Note that the optimized implementation is about 6x faster than the previous `for loop` based implementation.

In [None]:
%%time
SMOOTH = 0.001
SPLIT = 'interleaved'
for col in cat_cols[:3]:
    out_col = f'{col}_TE'
    encoder = TargetEncoder(n_folds=FOLDS, smooth=SMOOTH, split_method=SPLIT)
    #train[out_col] = encoder.fit_transform(train[col], train['label'])
    encoder.fit(train[col], train['label'])
    train[out_col] = encoder.transform(train[col])
    valid[out_col] = encoder.transform(valid[col])

In [None]:
te_cols = [col for col in train.columns if col.endswith('TE')]
print(te_cols)

start = time.time(); print('Creating DMatrix...')
dtrain = xgb.DMatrix(data=train[te_cols],label=train['label'])
dvalid = xgb.DMatrix(data=valid[te_cols],label=valid['label'])
print('Took %.1f seconds'%(time.time()-start))

start = time.time(); print('Training...')
model = xgb.train(xgb_parms, 
                       dtrain=dtrain,
                       evals=[(dtrain,'train'),(dvalid,'valid')],
                       num_boost_round=NROUND,
                       early_stopping_rounds=ESR,
                       verbose_eval=VERBOSE_EVAL) 

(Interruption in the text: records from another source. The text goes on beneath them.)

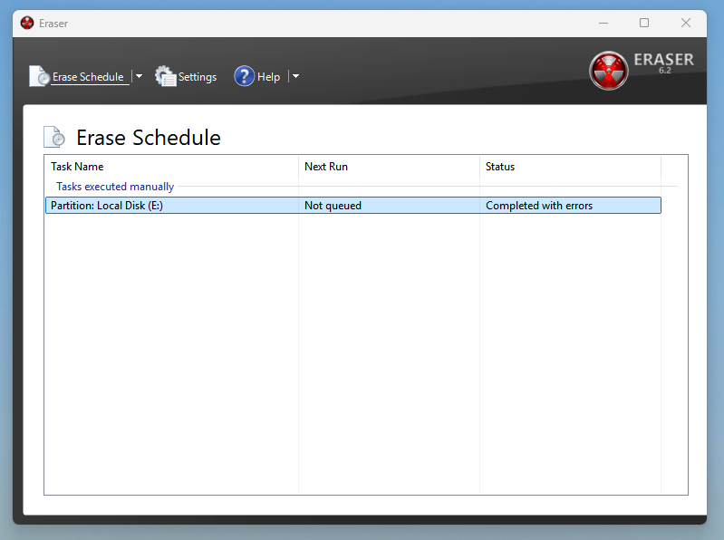 - Open the program and click the dropdown next to Erase Schedule in the top left. Click New Task.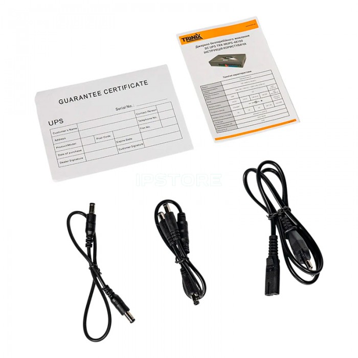 В комплекте сетевой кабель питания 220В для миниДБЖ длиной 80 см, кабель питания DC-DC длиной 40 см с разъемами, разветвитель питания DC-2 DC длиной 30 см с разъемами.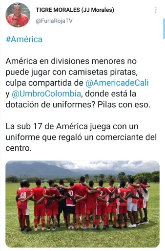Pues aparentemente, el equipo Sub-17 de América de Cali no habría recibido la dotación de uniformes y utilería por parte de la marca patrocinadora Umbro, razón por la que un seguidor ‘Escarlata’, comerciante del centro de Cali, tuvo que hacer de patrocinador y proporcionó los uniformes.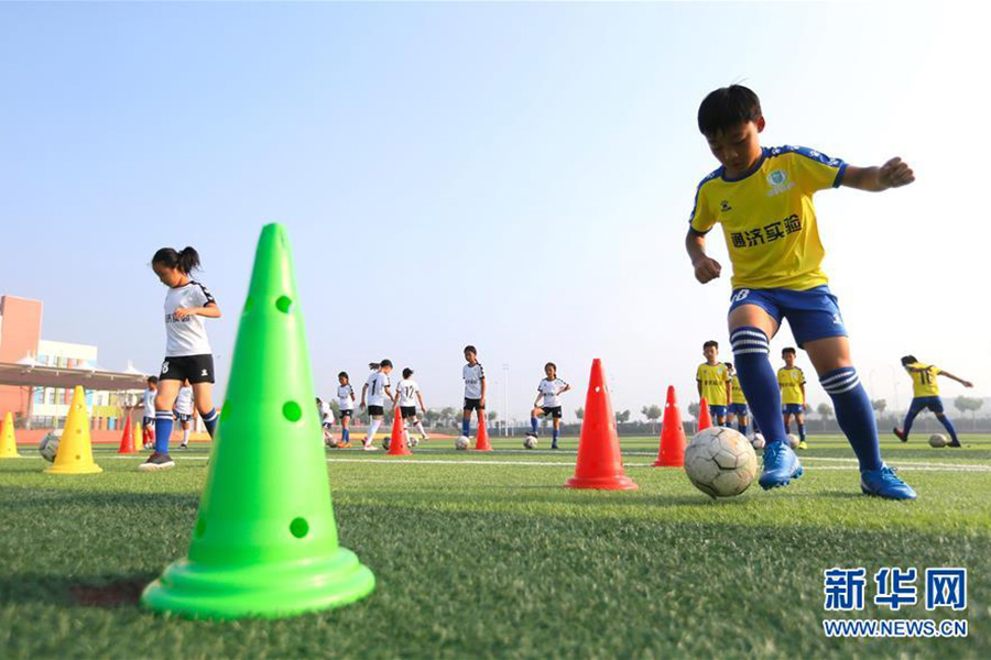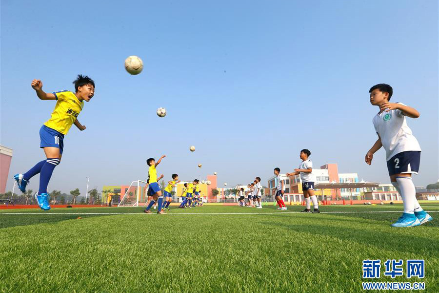 1/07月16日,青島通濟實驗學(xué)校的小球員在進(jìn)行頭球訓(xùn)練。(新華社發(fā) 梁孝鵬/攝)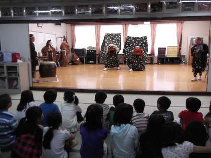 次に,獅子舞を見せてもらいました。獅子舞が終わると,中に入っておられる方が息を切らせながらも,笑顔で出てこられたのが子ども達にはとても印象的だったようです。一生懸命舞ってられること,みんなのためにさせていることなどを,子ども達は肌で感じたようです。教室にかえってからも話が尽きませんでした。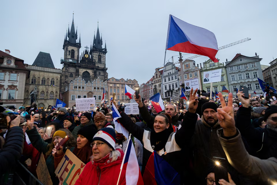 У неділю центр Праги заповнили десятки тисяч протестувальників, які висловили солідарність із президентом Петером Павелом. Глава держави вступив у відкритий конфлікт із урядом через відмову призначати міністра з радикальними поглядами.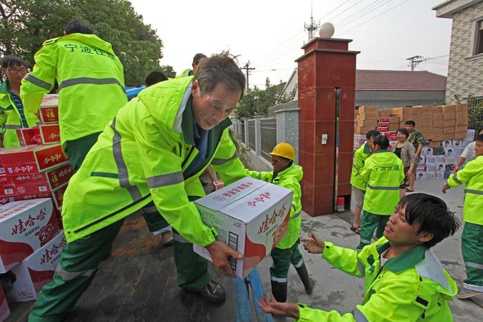寧波住宅建設(shè)集團(tuán)應(yīng)急救援隊(duì)把餅干、八寶粥、礦泉水等救災(zāi)物資運(yùn)...

The optimized version is slightly more accurate and it could be up to 10x faster than the `kfold for loop` implementation.

In [None]:
labels = ['Label encoding', 'Target encoding naive', 'Target encoding kfold for loop', 'Target encoding optimized']
train_auc = [0.65, 0.84, 0.71, 0.72]
valid_auc = [0.64, 0.63, 0.7, 0.704]

x = np.arange(len(labels))  # the label locations
width = 0.35  # the width of the bars

fig, ax = plt.subplots()
fig.set_figwidth(15)
rects1 = ax.bar(x - width/2, train_auc, width, label='train auc', color='m')
rects2 = ax.bar(x + width/2, valid_auc, width, label='valid auc', color='c')

ax.set_ylabel('Auc')
ax.set_title('The overfitting problem is fixed by kfold target encoding')
ax.set_xticks(x)
ax.set_xticklabels(labels)
ax.legend()

<a id="multi"></a>
### Multi-column joint encoding
Instead of encoding one column at a time, we can also encoding multiple columns jointly into one new feature.

In [None]:
%%time
for cols in [['cat_0', 'cat_1'],
             ['cat_0', 'cat_2'],
             ['cat_1', 'cat_2'],
             ['cat_0', 'cat_1', 'cat_2']
            ]:
    out_col = '_'.join(cols)+'_TE'
    encoder = TargetEncoder(n_folds=FOLDS,smooth=SMOOTH, split_method=SPLIT)
    train[out_col] = encoder.fit_transform(train[cols], train['label'])
    valid[out_col] = encoder.transform(valid[cols])
    del encoder

In [None]:
te_cols = [col for col in train.columns if col.endswith('TE')]
print(te_cols)

start = time.time(); print('Creating DMatrix...')
dtrain = xgb.DMatrix(data=train[te_cols],label=train['label'])
dvalid = xgb.DMatrix(data=valid[te_cols],label=valid['label'])
print('Took %.1f seconds'%(time.time()-start))

start = time.time(); print('Training...')
model = xgb.train(xgb_parms, 
                       dtrain=dtrain,
                       evals=[(dtrain,'train'),(dvalid,'valid')],
                       num_boost_round=NROUND,
                       early_stopping_rounds=ESR,
                       verbose_eval=VERBOSE_EVAL) 

Although the validation AUC doesn't improve much for this dataset, the functionality of multi-column joint encoding is necessary and might improve the prediction for other datasets.

## 3. Conclusion

In this notebook, we explains the key design choices of target encoding. The takeaways are:
- The ground truth column `target` is used as input for encoding.
- The training data and test data are transformed differently.
- Multi-column joint transformation is supported by target encoding.